## THE PROBLEM
From the entries below, reproduce exactly the lines from the one with "a nepriepustnou konštrukciou." through the one with "The apartment is", both included, without images.

## EXTRACTED DATA

════════════════════

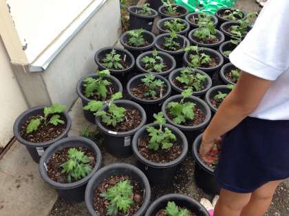 今日から約半年間かけて、大輪の花を咲かせることをめあてに頑張っていきます。作品展のころには、全員の菊が見られるよう、実行委員さんを中心に愛情込めて育てていきたいです。
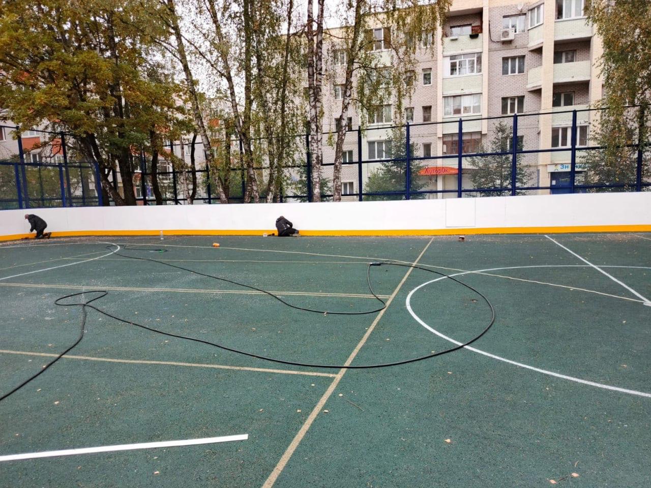 На обветшалой хоккейной коробке заменили резиновое покрытие, установили новые борта, осталось доделать желтую отбойную полосу вдоль нижней части.
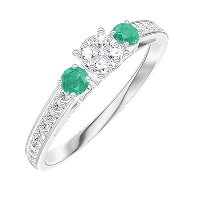 « L'ATELIER » Nº209088Ring Witgoud 9 karaat - Cluster van natuurlijke diamantent rond gelijkwaardig 0.3 - Aanleunende edelstenen Smaragd - Setting Diamant 4.5
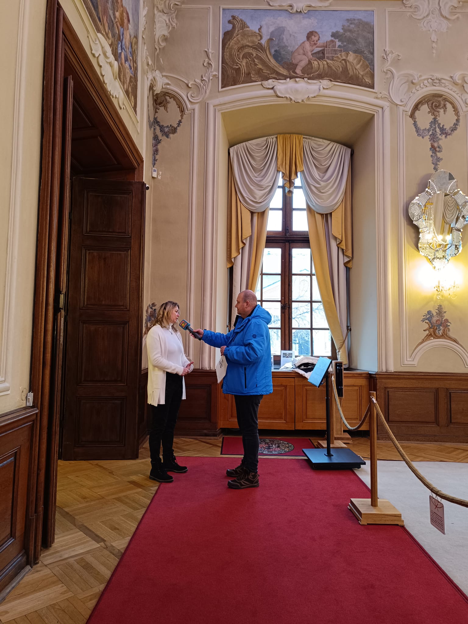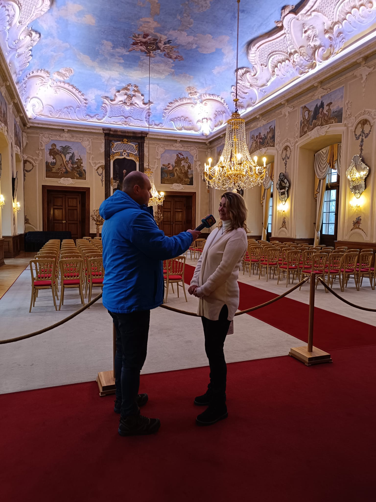 První zastávkou Petra byl Zámek Dobříš, který po několikaleté přestávce opět přivítal návštěvníky. „Zámek je otevřený i v zimě a nabízí zcela novou moderní a interaktivní prohlídku. Projdete se po červeném koberci a dozvíte se vše o historii rodu Colloredo-Mannsfeld,“ popsal Petr své dojmy. Zážitkem je i návštěva zrcadlového sálu, kde se natáčely pohádky a filmy. Zámecké parky jsou přístupné po celý rok. Více o zámku mu prozradila vedoucí návštěvnického centra Daniela Vondráčková.
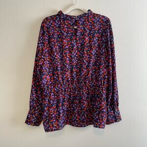 Halogen Size 2X Black Orange Purple Floral Blouse Long Sleeves
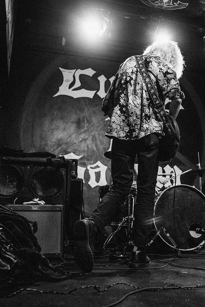 Much like that exchange, the evening remained unpredictable. I didn’t see the first couple of bands, but the group right before Shybaby included a three-piece brass section and matching tie dyed t-shirts. The bar itself, Lucky 13 Saloon, was a blend of goth regulars taking in the strippers on the bar and buttoned-up yuppier types who were clearly there to take in the spectacle of it all.
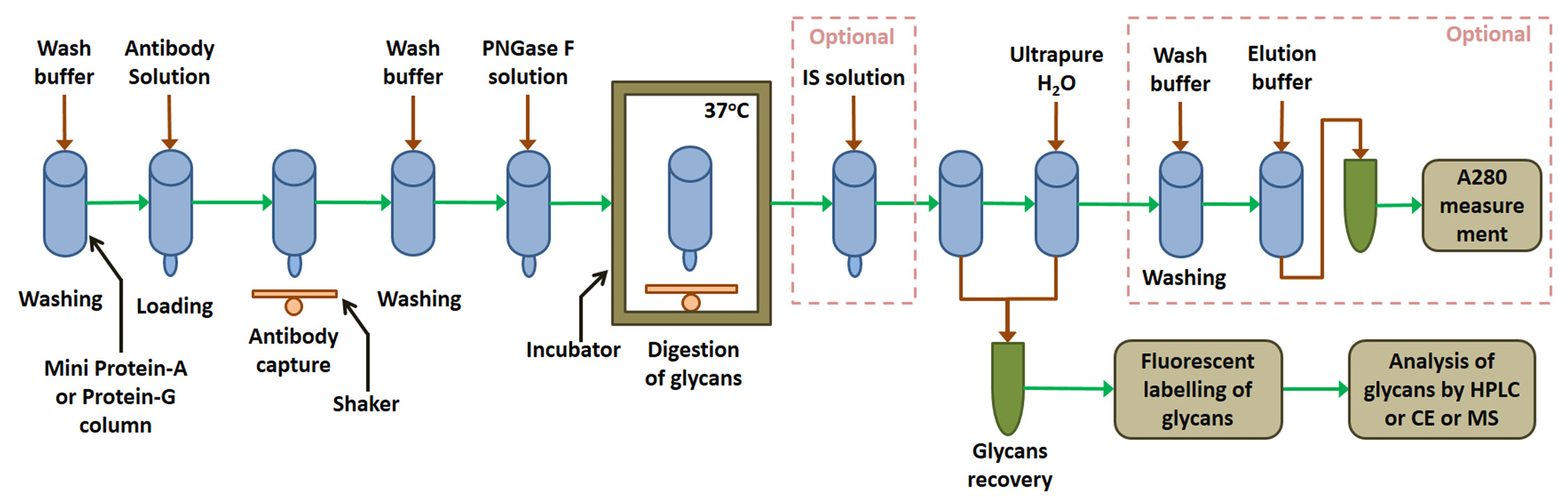 Figure 1. Schematic representation of the steps involved in the process of isolation and characterization of N-glycans from antibodies. The steps in the dashed-line boxes are optional and only needed to quantity the molar yield of glycans from antibodies. IS: internal standard; HPLC, high performance liquid chromatography; CE, capillary electrophoresis; MS, mass spectrometry, A280, absorbance at 280 nm.
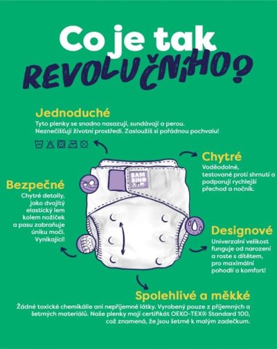 • Revolučné opakovane použiteľné plienky - neobsahujú škodlivé materiály a sú vybavené nastaviteľnými cvokmi, priedušnými absorpčnými tkaninami, vodeodolnou vrstvou a nepriepustnou konštrukciou.
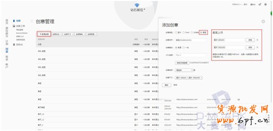 該展位添加創意的方式與其他展位添加創意有所不同,進入添加創意界面后,在創意類型處找到套圖,點擊進入套圖界面,填寫創意信息和填寫圖片創意的步驟是一樣的,區別之處是上傳圖片時需要同時上傳兩張圖片,而且每次就只能上傳一個套圖,目前還沒開放批量上傳功能,套圖上傳完畢及審核通過后,我們就可以對套圖進行投放了。如圖3:
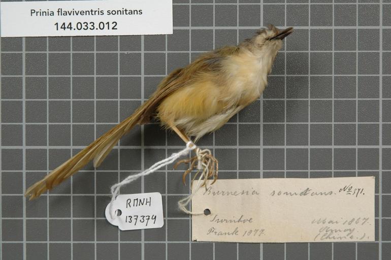 | Keywords: Naturalis Biodiversity Center - RMNH.AVES.137374 1 - Prinia flaviventris sonitans Swinhoe, 1860 - Sylviidae - bird skin specimen.jpeg artwork Dimensions artwork Document type Sylviidae Prinia Individual count 1 Infraspecific epithet sonitans Infraspecific rank Institution Naturalis Kind of unit artwork Kind of unit specimen skin Life stage Chine Amoy Medium artwork Nomenclatural code Occurrence ID page Other fields Other versions artwork Permission license Naturalis donation CC-0 Publication location Scientific name Prinia flaviventris sonitans Swinhoe 1860 Scientific name authorship Swinhoe 1860 Source url http //bioportal naturalis nl Specific epithet flaviventris State or province Subject keywords artwork Subject keywords publication Title artwork Title publication Type status Uploaded with GWToolset Naturalis_Biodiversity_Center_-_RMNH AVES 137374_1_-_Prinia_flaviventris_sonitans_Swinhoe _1860_-_Sylviidae_-_bird_skin_specimen http //medialib naturalis nl/file/id/RMNH AVES 137374_1/format/large Media donated by Naturalis Biodiversity Center Songbird specimens at Naturalis Biodiversity Center Prinia flaviventris Prinia |
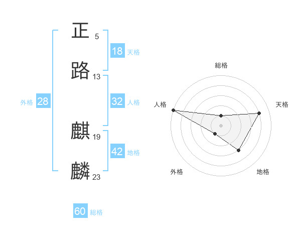 正路 麒麟さんを姓名の画数から五運を鑑定
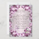 Pretty purple flowers on a purple background. This beautiful wedding invitation is a modern and elegant way to invite family and friends to your wedding. Personalise the card by changing the text in the fields provided front and back. You can change font style, size, and colour, as well as paper type and style.
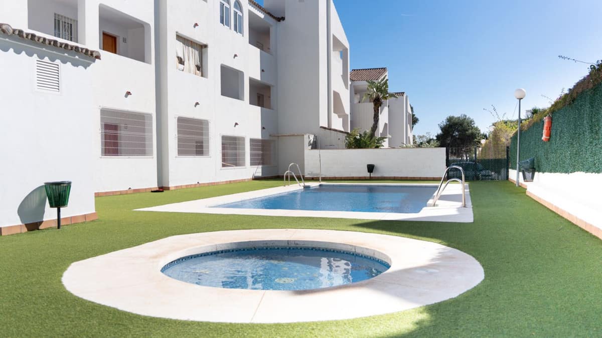 The apartment is in good condition and includes features that add long-term value, such as marble flooring, fitted wardrobes, good orientation, and excellent natural light. The terrace provides a comfortable outdoor area with space for a table and chairs, suitable for year-round enjoyment. The complex also offers a communal swimming pool and landscaped gardens, creating a pleasant and well-cared-for environment.
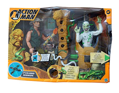 Vintage Hasbro 2002 Action Man AM Pyramid Mission Action Figure & Accessories Set - Brand New Shop Stock Room Find. Released By Hasbro In 2002 as part of their new wave of Action Man toys. This fantastic Action Man Pyramid Mission Adventure Set includes An Action Man Figure dressed in his Tomb Raider Attire including Vest, Trousers, Boots, Hat, Flame Torch and Weapon, plus Gangrene Mummy Figure in his chamber, with pull ring to make him move, plus a wall column with hidden trap, that when pressed, the spikes come out of the wall, plus an assortment of snakes, and an added bonus of a mini Action Man Comic. Brand New Factory Sealed Shop Stock Room Find. Discovered in the store room of a closing down shop with a whole host of other Action Man toys. Mint condition and factory sealed. All Orders Received Before 4.00pm Mondays to Fridays are shipped the same day.
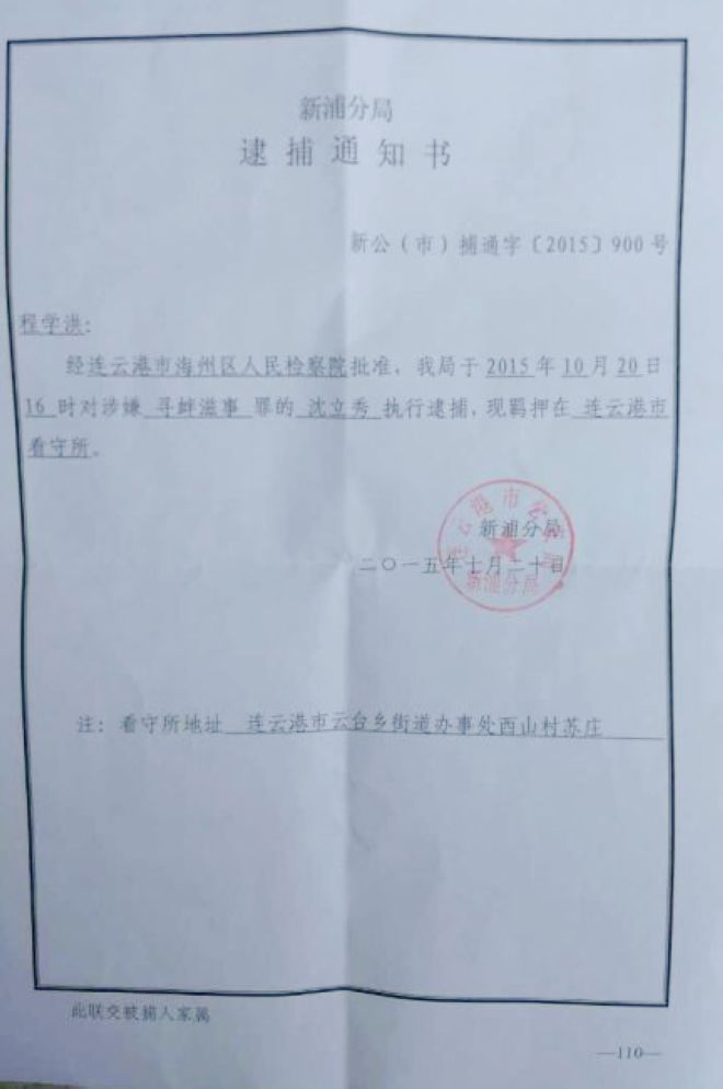 沈立秀是 2015年9月13日在亲属家中被10几名警察抓走,当日被海州公安分局刑拘,当时警方透露是因为沈立秀在外网上的照片涉嫌违法,这之前沈立秀也因为在外网上的照片被刑拘过,还曾因上访被拘留、劳教。
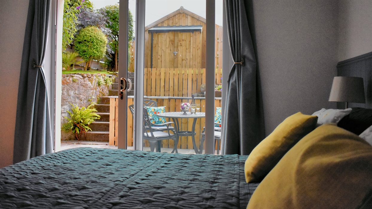 Accessed from the parking area with 2 steps up onto a paved pathway leading to the entrance door with a step up into the vestibule with boot storage and coat hooks: Open plan Living room with single sofa bed and wood Burning Stove and initial supply of logs, Designated Dining space, Fully fitted Kitchen; Main Bedroom with Zip’n’Link Super king Bed (can become twin on request), Bathroom with small bath and walk-in shower, toilet and sink, and patio doors onto private paved area which is a sun trap with outdoor seating; Secure storage for bikes, golf clubs etc.
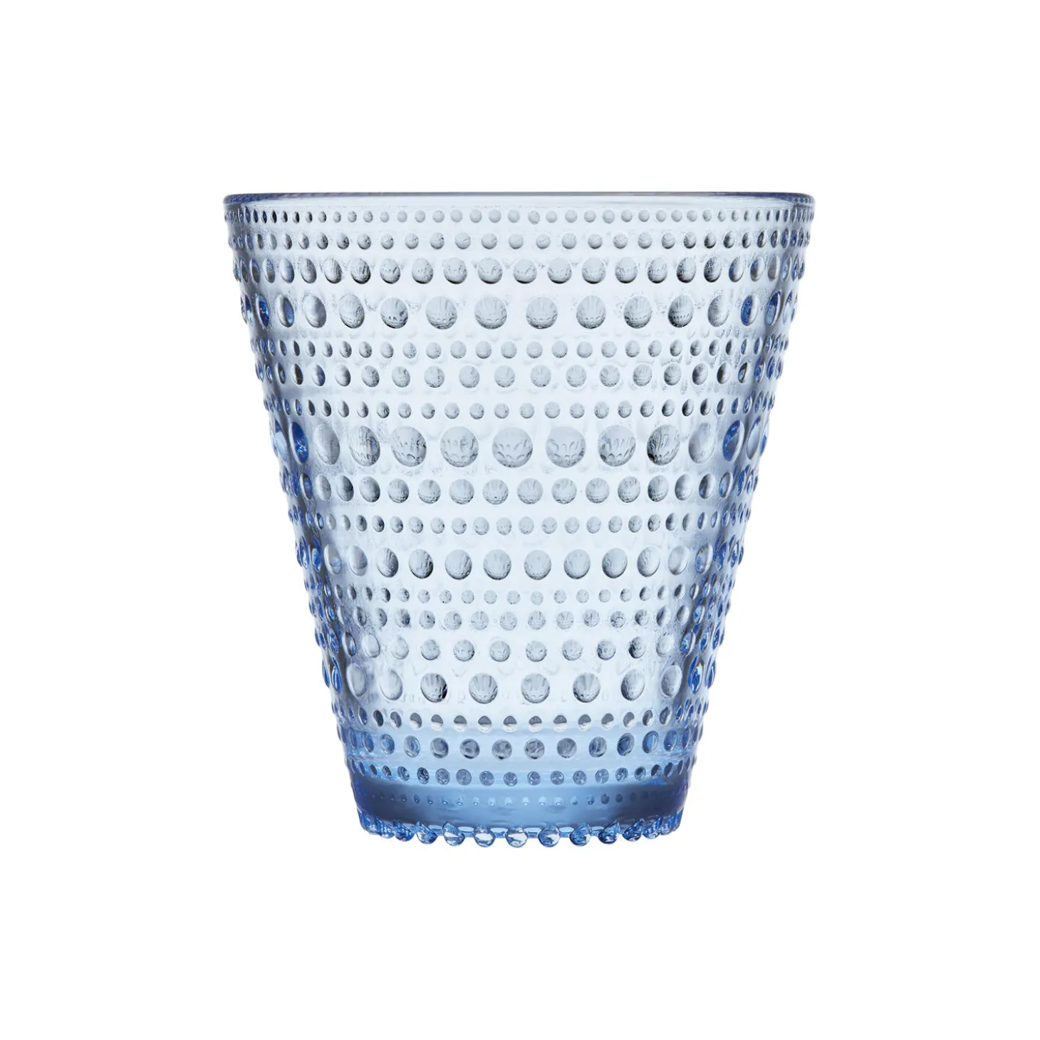 The groundbreaking raised droplet design of Kastehelmi came from legendary Finnish designer Oiva Toikka’s search to find a way to hide joint marks in glass. Kastehelmi (Finnish for “dewdrop”) features rings of glass bubbles that resemble strings of dewdrops glistening under the morning sun. The beloved Kastehelmi collection offers a wide range of playful pieces that are both functional and decorative. Each distinct, versatile piece plays with light, bringing out the reflective beauty of the glass. The Kastehelmi tumbler is a classic example of Finnish glassware. Delicate yet durable drinkware that suits any table setting. Vibrant aqua brings contemporary sophistication. Available in many colours inspired by nature. Dishwasher safe.

════════════════════

## ANSWER TO THIS PROBLEM
 • Revolučné opakovane použiteľné plienky - neobsahujú škodlivé materiály a sú vybavené nastaviteľnými cvokmi, priedušnými absorpčnými tkaninami, vodeodolnou vrstvou a nepriepustnou konštrukciou.
 該展位添加創意的方式與其他展位添加創意有所不同,進入添加創意界面后,在創意類型處找到套圖,點擊進入套圖界面,填寫創意信息和填寫圖片創意的步驟是一樣的,區別之處是上傳圖片時需要同時上傳兩張圖片,而且每次就只能上傳一個套圖,目前還沒開放批量上傳功能,套圖上傳完畢及審核通過后,我們就可以對套圖進行投放了。如圖3:
 | Keywords: Naturalis Biodiversity Center - RMNH.AVES.137374 1 - Prinia flaviventris sonitans Swinhoe, 1860 - Sylviidae - bird skin specimen.jpeg artwork Dimensions artwork Document type Sylviidae Prinia Individual count 1 Infraspecific epithet sonitans Infraspecific rank Institution Naturalis Kind of unit artwork Kind of unit specimen skin Life stage Chine Amoy Medium artwork Nomenclatural code Occurrence ID page Other fields Other versions artwork Permission license Naturalis donation CC-0 Publication location Scientific name Prinia flaviventris sonitans Swinhoe 1860 Scientific name authorship Swinhoe 1860 Source url http //bioportal naturalis nl Specific epithet flaviventris State or province Subject keywords artwork Subject keywords publication Title artwork Title publication Type status Uploaded with GWToolset Naturalis_Biodiversity_Center_-_RMNH AVES 137374_1_-_Prinia_flaviventris_sonitans_Swinhoe _1860_-_Sylviidae_-_bird_skin_specimen http //medialib naturalis nl/file/id/RMNH AVES 137374_1/format/large Media donated by Naturalis Biodiversity Center Songbird specimens at Naturalis Biodiversity Center Prinia flaviventris Prinia |
 正路 麒麟さんを姓名の画数から五運を鑑定
 Pretty purple flowers on a purple background. This beautiful wedding invitation is a modern and elegant way to invite family and friends to your wedding. Personalise the card by changing the text in the fields provided front and back. You can change font style, size, and colour, as well as paper type and style.
 The apartment is in good condition and includes features that add long-term value, such as marble flooring, fitted wardrobes, good orientation, and excellent natural light. The terrace provides a comfortable outdoor area with space for a table and chairs, suitable for year-round enjoyment. The complex also offers a communal swimming pool and landscaped gardens, creating a pleasant and well-cared-for environment.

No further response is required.